▸ **ENTRIES PROVIDED**:
_ _ _ _

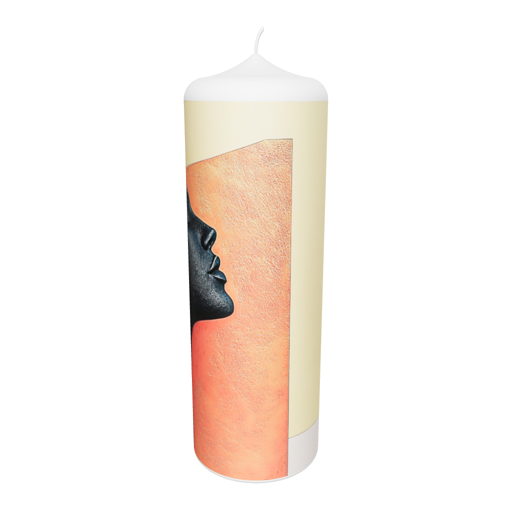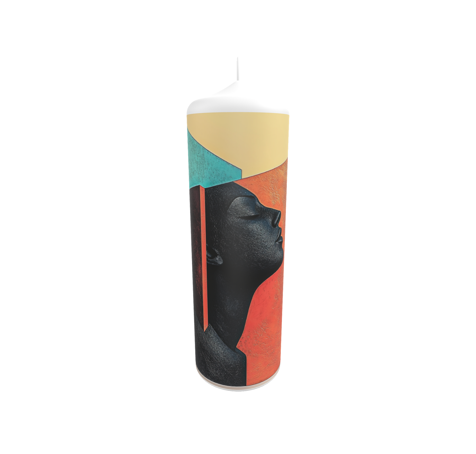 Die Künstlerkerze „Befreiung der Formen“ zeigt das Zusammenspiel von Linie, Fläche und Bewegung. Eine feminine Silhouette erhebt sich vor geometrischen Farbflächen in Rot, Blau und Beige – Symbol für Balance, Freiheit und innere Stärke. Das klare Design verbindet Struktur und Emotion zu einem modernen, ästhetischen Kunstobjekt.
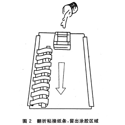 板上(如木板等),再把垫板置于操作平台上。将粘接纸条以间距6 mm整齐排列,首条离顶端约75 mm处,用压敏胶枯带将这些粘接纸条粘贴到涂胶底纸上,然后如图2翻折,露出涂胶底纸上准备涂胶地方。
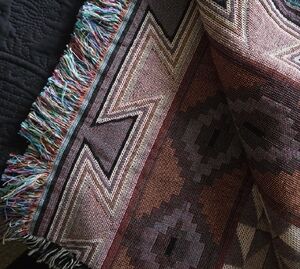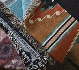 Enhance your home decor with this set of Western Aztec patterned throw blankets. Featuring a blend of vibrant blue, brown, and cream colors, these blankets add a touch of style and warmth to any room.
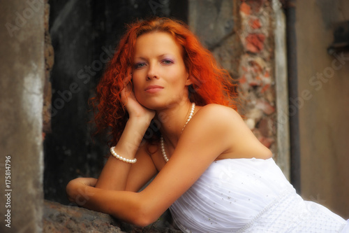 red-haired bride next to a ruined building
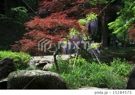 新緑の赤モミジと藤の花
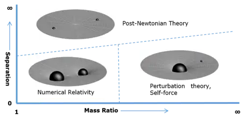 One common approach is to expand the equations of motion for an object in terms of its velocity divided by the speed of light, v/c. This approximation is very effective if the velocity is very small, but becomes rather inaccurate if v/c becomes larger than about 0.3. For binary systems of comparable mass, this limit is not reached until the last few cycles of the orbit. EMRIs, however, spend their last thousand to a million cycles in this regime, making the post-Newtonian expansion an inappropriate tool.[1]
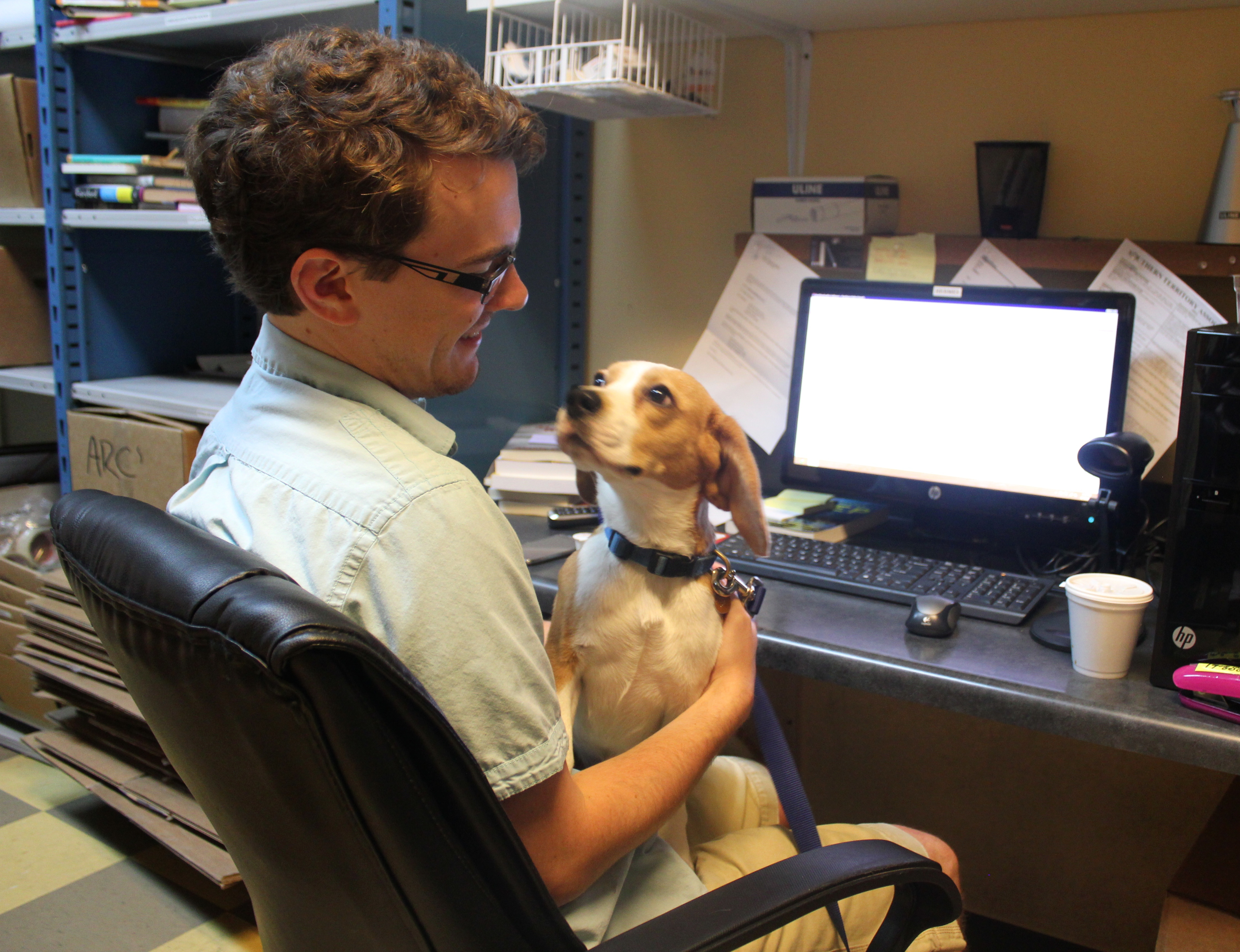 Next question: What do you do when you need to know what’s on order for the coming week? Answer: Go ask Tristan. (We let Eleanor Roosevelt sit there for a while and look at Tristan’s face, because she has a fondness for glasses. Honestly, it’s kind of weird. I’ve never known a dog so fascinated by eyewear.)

_ _ _ _

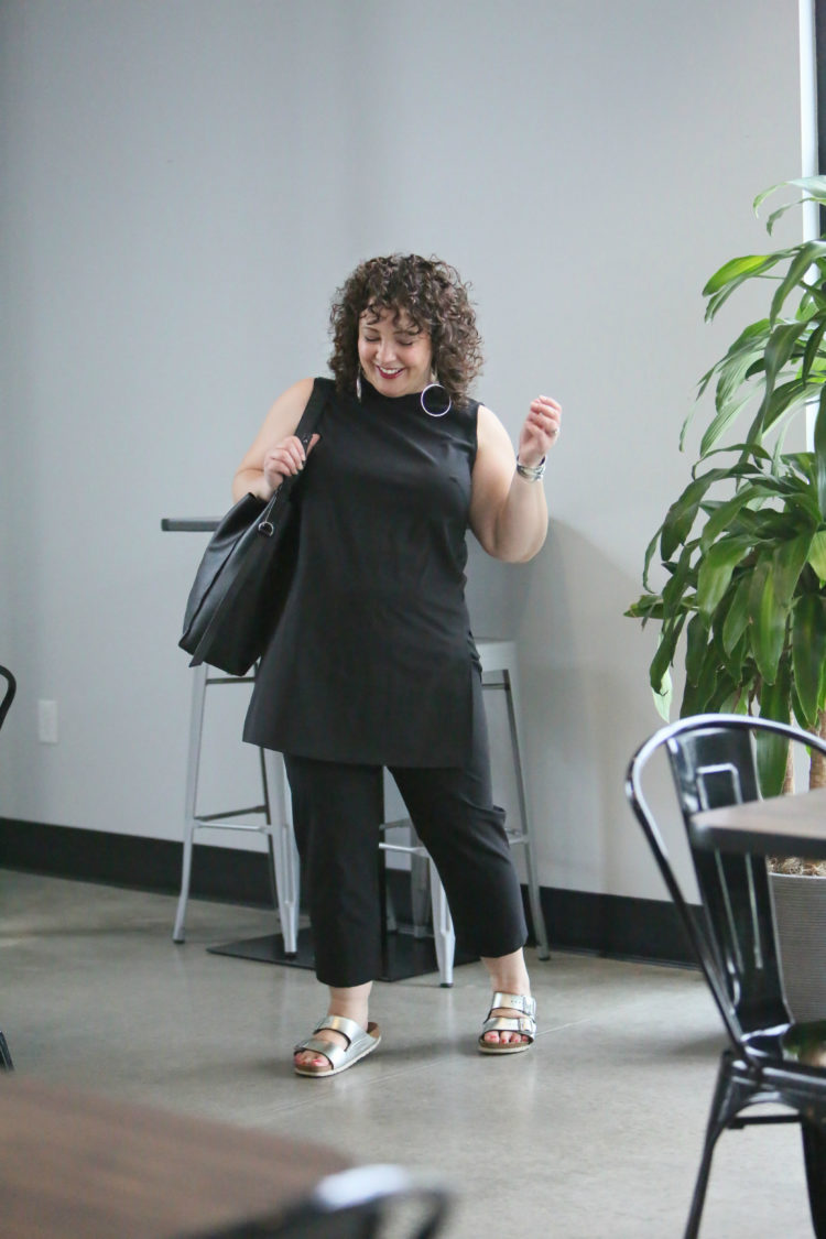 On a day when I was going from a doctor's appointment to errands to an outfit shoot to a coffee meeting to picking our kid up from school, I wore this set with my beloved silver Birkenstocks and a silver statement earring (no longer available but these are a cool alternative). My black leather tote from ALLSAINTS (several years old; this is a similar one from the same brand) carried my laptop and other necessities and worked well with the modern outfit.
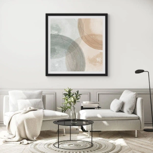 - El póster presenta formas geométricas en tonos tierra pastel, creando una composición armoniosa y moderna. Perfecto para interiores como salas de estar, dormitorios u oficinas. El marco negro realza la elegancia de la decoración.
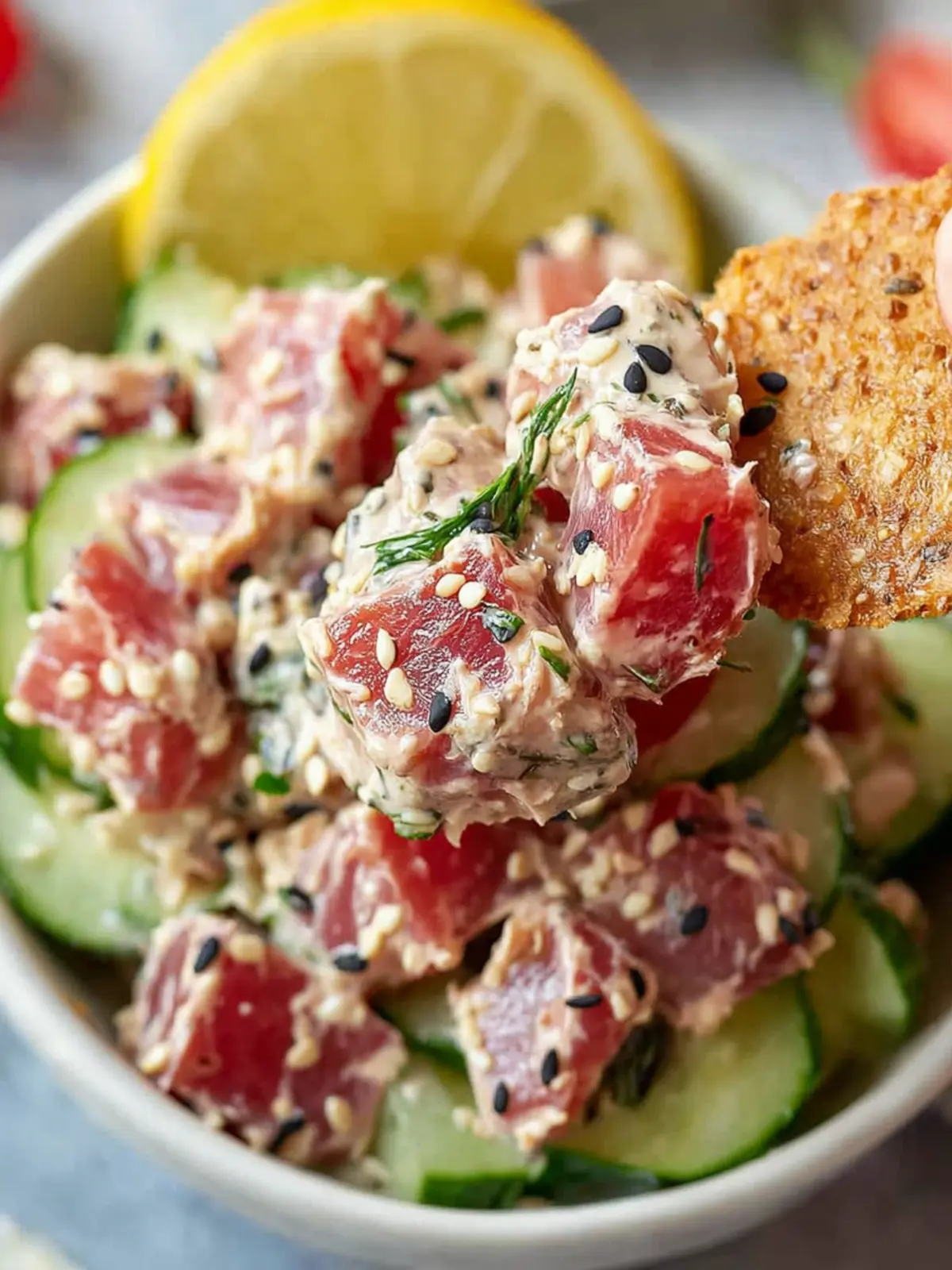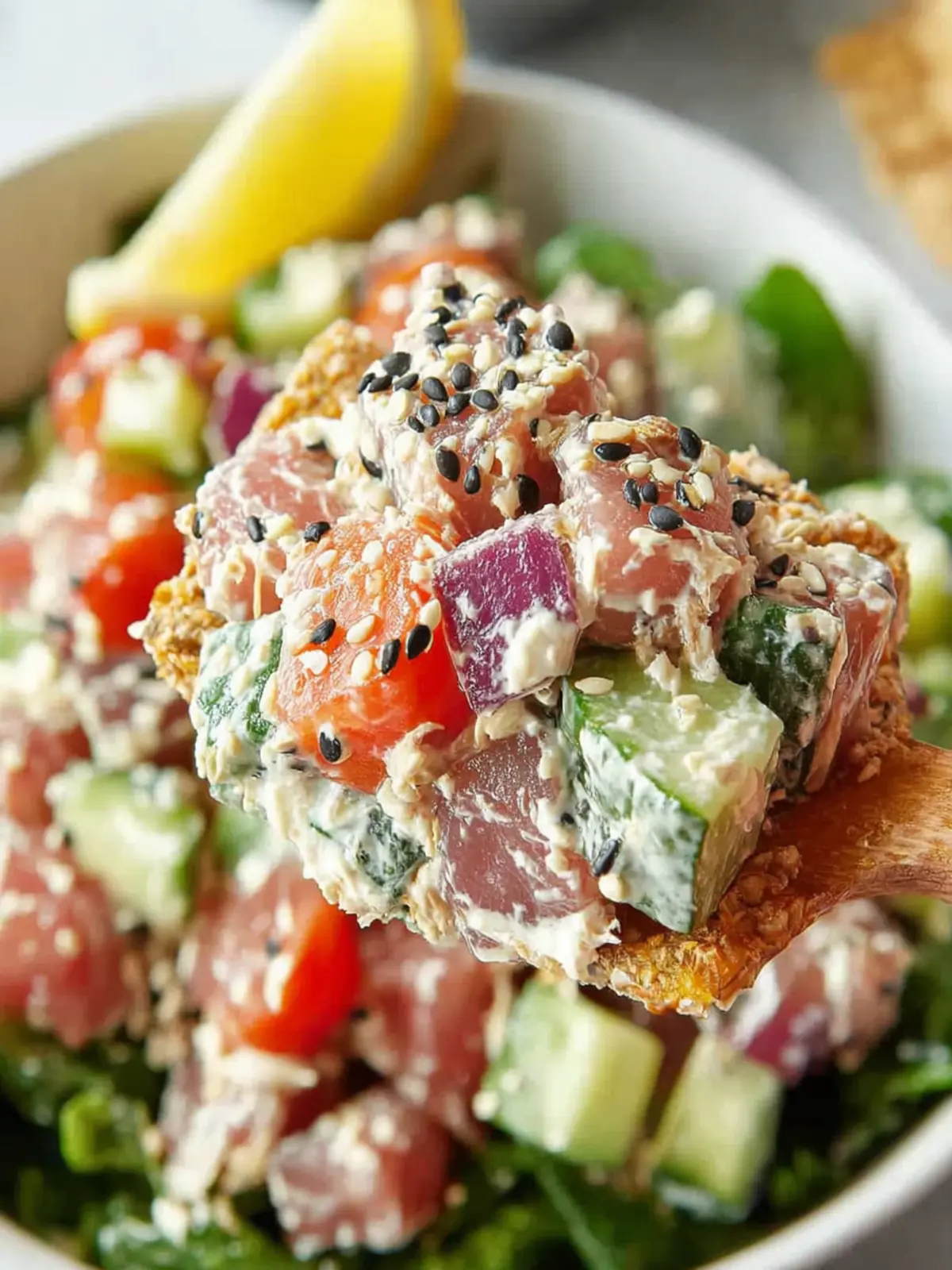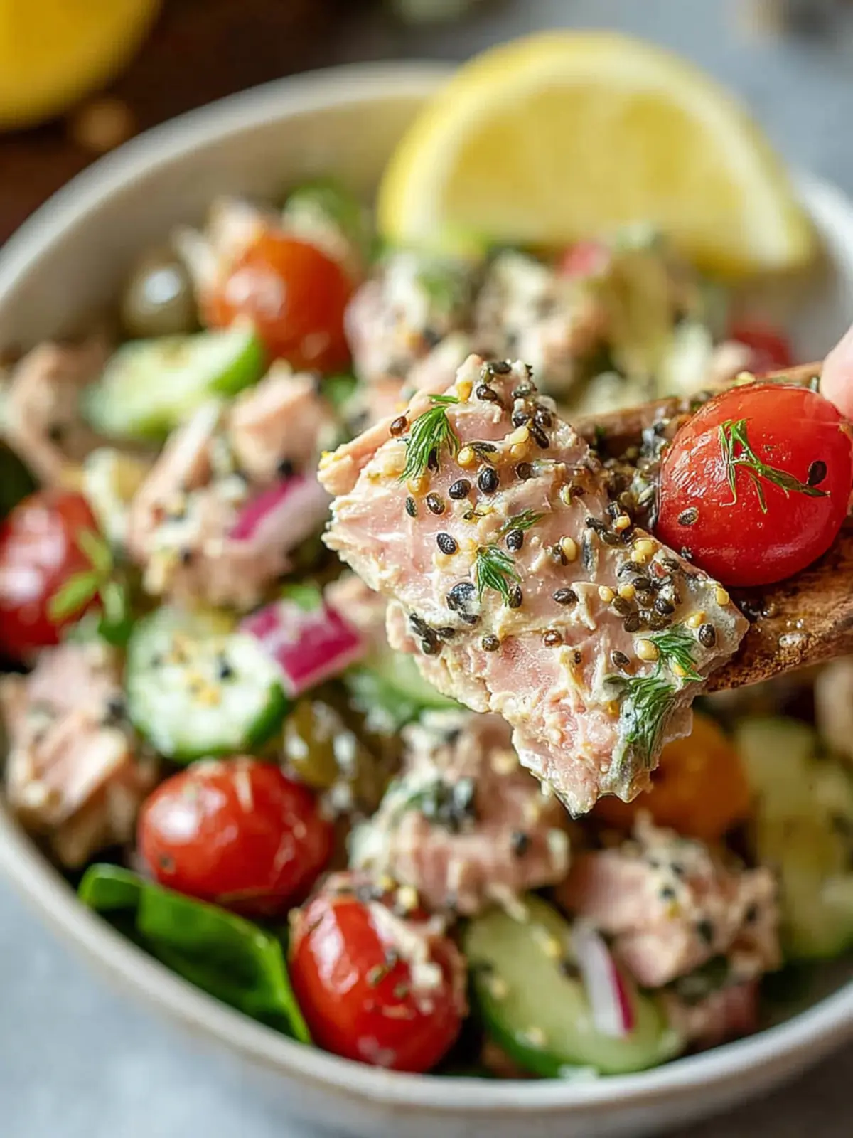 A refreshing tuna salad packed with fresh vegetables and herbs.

_ _ _ _

▸ **TASK GOAL**:
All that should be printed is the run of lines above from the one with "Enhance your home" through the one with "Next question: What", both included, exactly as given, with pictures left out.

▸ **RESULT FOR THIS TASK**:
 Enhance your home decor with this set of Western Aztec patterned throw blankets. Featuring a blend of vibrant blue, brown, and cream colors, these blankets add a touch of style and warmth to any room.
 red-haired bride next to a ruined building
 新緑の赤モミジと藤の花
 One common approach is to expand the equations of motion for an object in terms of its velocity divided by the speed of light, v/c. This approximation is very effective if the velocity is very small, but becomes rather inaccurate if v/c becomes larger than about 0.3. For binary systems of comparable mass, this limit is not reached until the last few cycles of the orbit. EMRIs, however, spend their last thousand to a million cycles in this regime, making the post-Newtonian expansion an inappropriate tool.[1]
 Next question: What do you do when you need to know what’s on order for the coming week? Answer: Go ask Tristan. (We let Eleanor Roosevelt sit there for a while and look at Tristan’s face, because she has a fondness for glasses. Honestly, it’s kind of weird. I’ve never known a dog so fascinated by eyewear.)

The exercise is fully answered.